#### PROMPT
Reproduce the entries that follow precisely, setting aside any images.

(EXERCISE DATA begins)

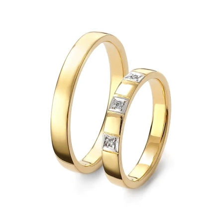 Obrączki mają półpłaski profil, który dodaje im elegancji i szyku. Mają szerokość 3 mm. Obrączka damska jest oprawiona w 3 brylanty o łącznej masie 0,02 ct. Brylanty są umieszczone w kwadratowych oprawach, które nadają im nowoczesny i stylowy wygląd.
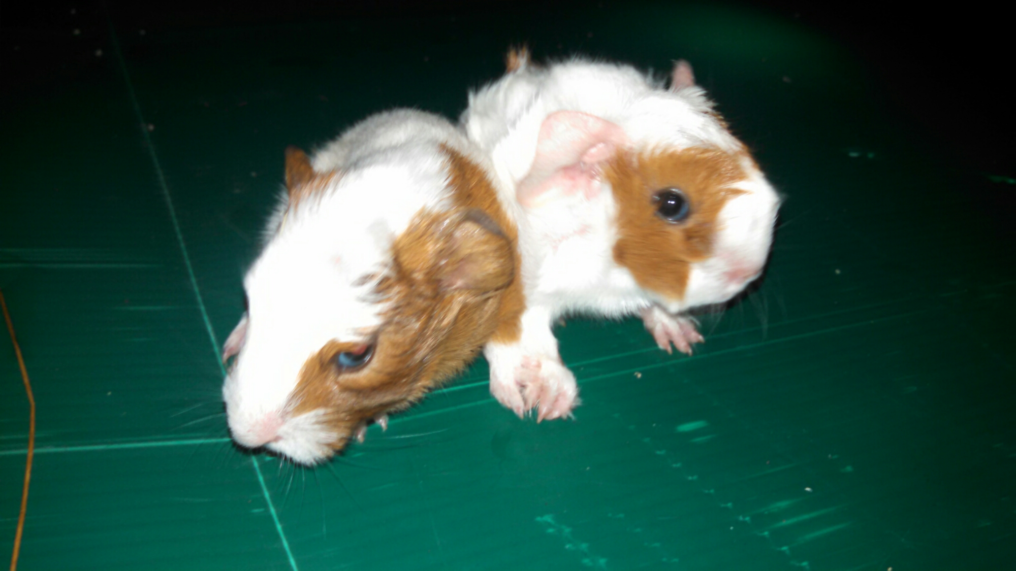 Guinea pigs go into heat once every 2-3 weeks (not like dogs, they don’t bleed), and gestate for over two months (68-72 days), which is crazy given their small sizes! They have between 3-5 babies each. These babies are born running around, with all of their hair, eyes open, and nursing. If the mother dies they can be weaned immediately, though they grow faster with mothers milk. Even though they gestate longer, they are about the size of a one month old rabbit, so, timewise, nothing is really lost.
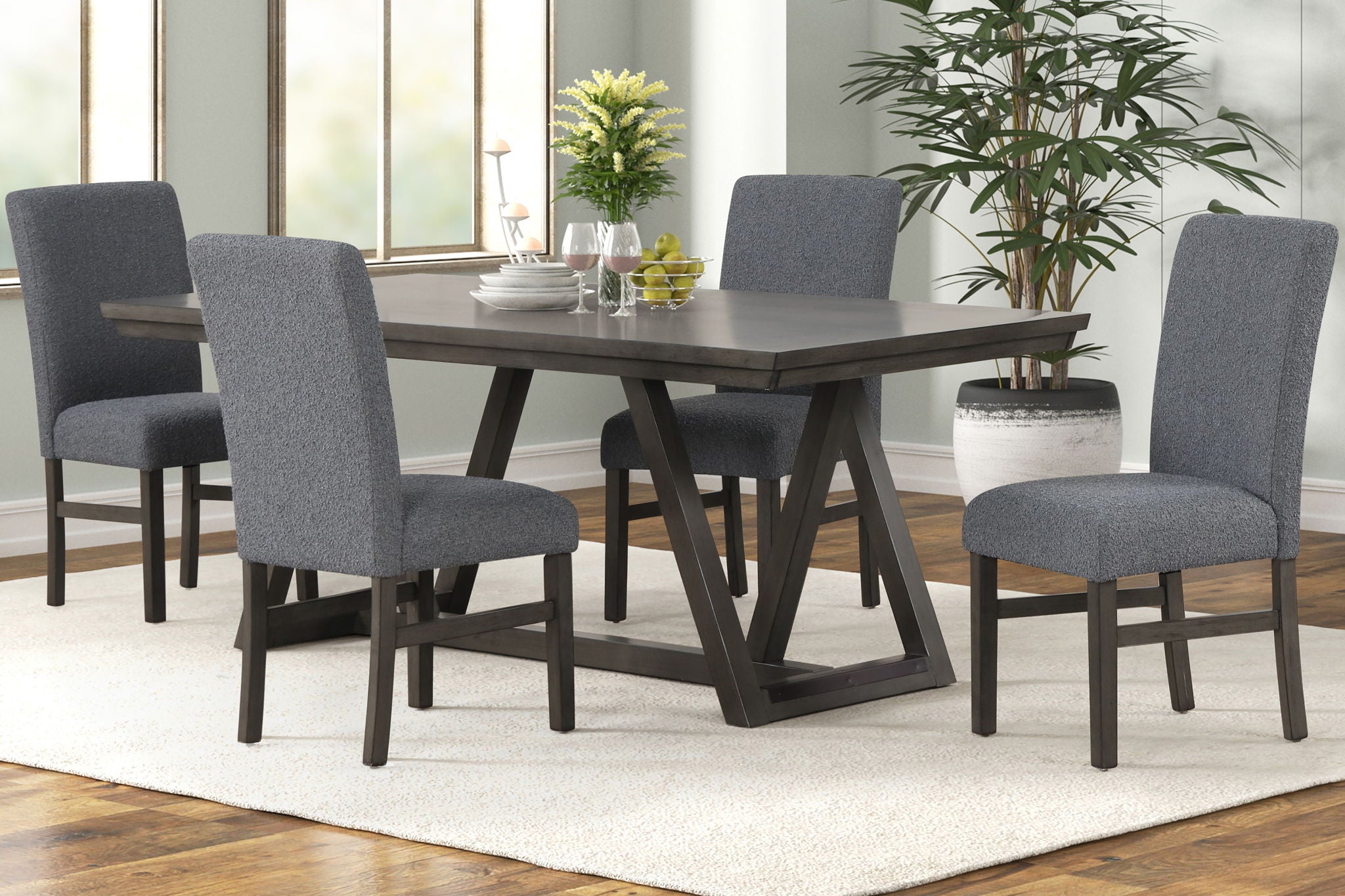 The High Line Dining Set is designed to be the centerpiece of your dining experience. Including one trestle dining table and upholstered side chairs, this set is built to last, expertly crafted from solid Acacia and Rubberwood, enhanced with high-quality manufactured woods and Birch veneers, ensuring unmatched durability and stability. The meticulously hand-applied, multi-step finish features a smooth, matte hue with sophisticated undertones, creating a modern, sleek ambiance that fits perfectly in contemporary spaces. The chairs, upholstered in luxurious bouclé fabric, offer exceptional durability and comfort, making them ideal for frequent use. The unique looped texture adds both elegance and longevity to your dining area. The table’s flat, rectangular top and crisscross leg design emphasize functionality and simplicity, making it a versatile addition to any room, from dining areas to workspaces. This dining set comfortably seats up to six guests, with the plush chairs upholstered in easy-care polyester fabric, blending elegance with practicality. Make this unparalleled dining set a marvel of your home, combining style, comfort, and lasting quality.
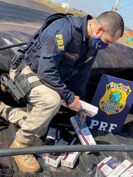 Na manhã desse sábado (18), a Polícia Rodoviária Federal apreendeu dois caminhões carregados de cigarro e prendeu um homem que era motorista de um dos veículos.
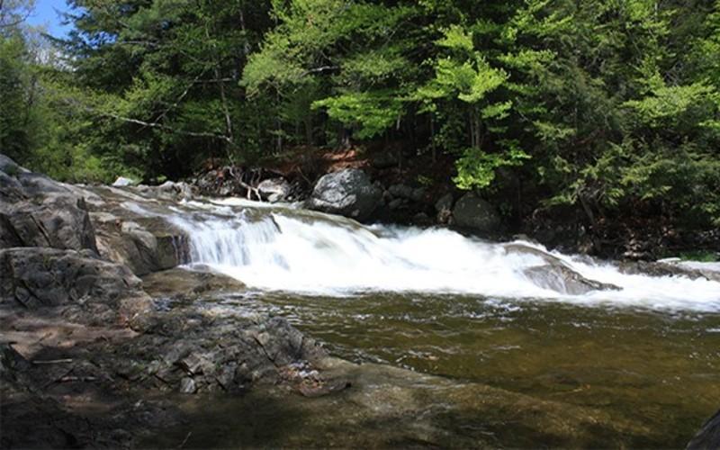 This spot is located just off Route 57 and features a 12-foot natural water slide! At the end, the swimmer is dumped into a small pool for an exhilarating splash down. There is also a shallower pool just up the river which is great for sitting and relaxing in the summer sun.
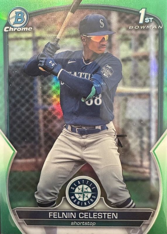 Felnin Celesten 2023 Bowman Chrome 1st Green Refractor /99 Mariners
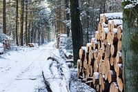Deze foto is gemaakt in een bos bij Ede. het gekapte hout en het onder gesneeuwde bospad geven een mooi winters weer weer.
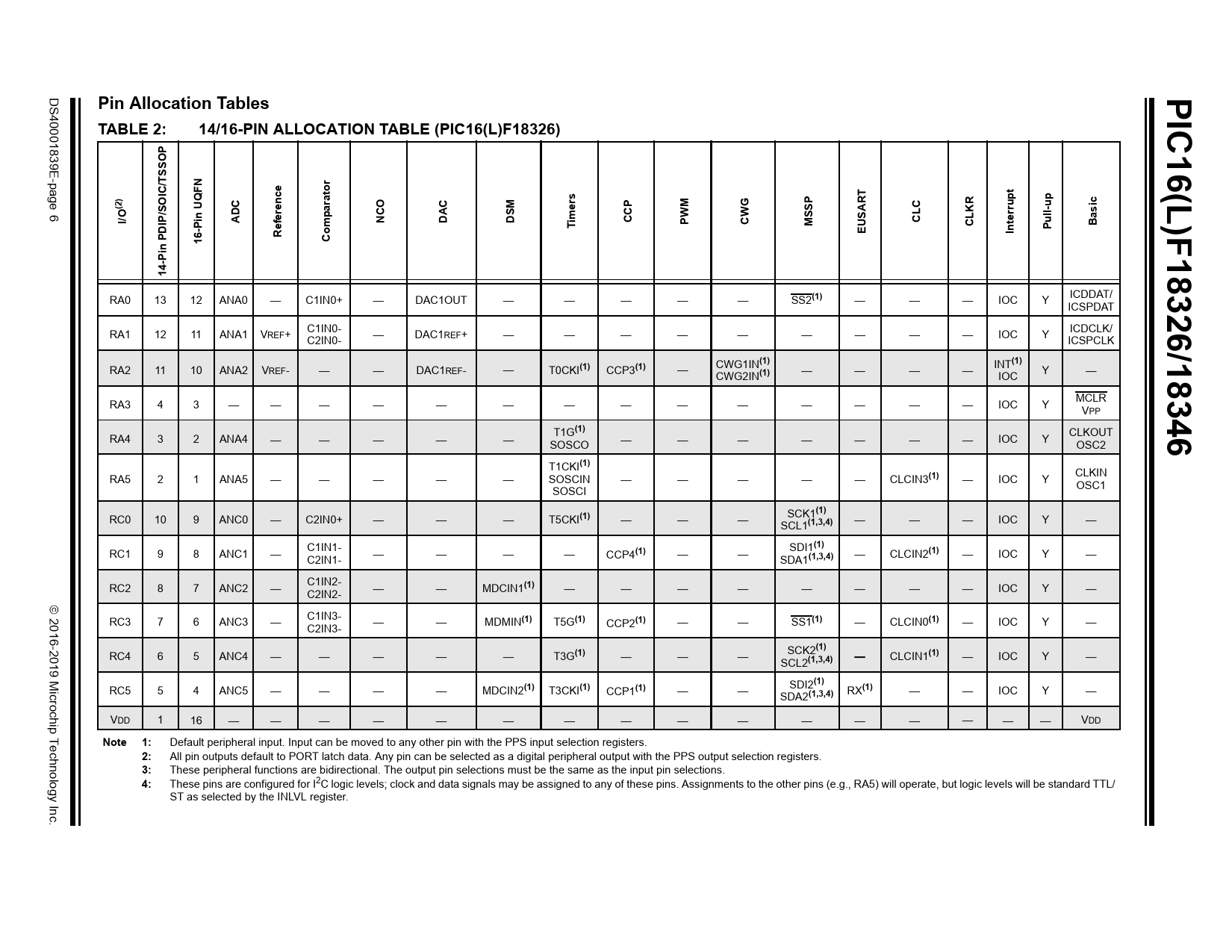 | Pages / Page | 500 / 6 — PIC16(L)F18326/18346. Pin Allocation Tables TABLE 2:. 14/16-PIN … |

(EXERCISE DATA ends)

#### ANSWER TO THE EXERCISE
 Obrączki mają półpłaski profil, który dodaje im elegancji i szyku. Mają szerokość 3 mm. Obrączka damska jest oprawiona w 3 brylanty o łącznej masie 0,02 ct. Brylanty są umieszczone w kwadratowych oprawach, które nadają im nowoczesny i stylowy wygląd.
 Guinea pigs go into heat once every 2-3 weeks (not like dogs, they don’t bleed), and gestate for over two months (68-72 days), which is crazy given their small sizes! They have between 3-5 babies each. These babies are born running around, with all of their hair, eyes open, and nursing. If the mother dies they can be weaned immediately, though they grow faster with mothers milk. Even though they gestate longer, they are about the size of a one month old rabbit, so, timewise, nothing is really lost.
 The High Line Dining Set is designed to be the centerpiece of your dining experience. Including one trestle dining table and upholstered side chairs, this set is built to last, expertly crafted from solid Acacia and Rubberwood, enhanced with high-quality manufactured woods and Birch veneers, ensuring unmatched durability and stability. The meticulously hand-applied, multi-step finish features a smooth, matte hue with sophisticated undertones, creating a modern, sleek ambiance that fits perfectly in contemporary spaces. The chairs, upholstered in luxurious bouclé fabric, offer exceptional durability and comfort, making them ideal for frequent use. The unique looped texture adds both elegance and longevity to your dining area. The table’s flat, rectangular top and crisscross leg design emphasize functionality and simplicity, making it a versatile addition to any room, from dining areas to workspaces. This dining set comfortably seats up to six guests, with the plush chairs upholstered in easy-care polyester fabric, blending elegance with practicality. Make this unparalleled dining set a marvel of your home, combining style, comfort, and lasting quality.
 Na manhã desse sábado (18), a Polícia Rodoviária Federal apreendeu dois caminhões carregados de cigarro e prendeu um homem que era motorista de um dos veículos.
 This spot is located just off Route 57 and features a 12-foot natural water slide! At the end, the swimmer is dumped into a small pool for an exhilarating splash down. There is also a shallower pool just up the river which is great for sitting and relaxing in the summer sun.
 Felnin Celesten 2023 Bowman Chrome 1st Green Refractor /99 Mariners
Deze foto is gemaakt in een bos bij Ede. het gekapte hout en het onder gesneeuwde bospad geven een mooi winters weer weer.
 | Pages / Page | 500 / 6 — PIC16(L)F18326/18346. Pin Allocation Tables TABLE 2:. 14/16-PIN … |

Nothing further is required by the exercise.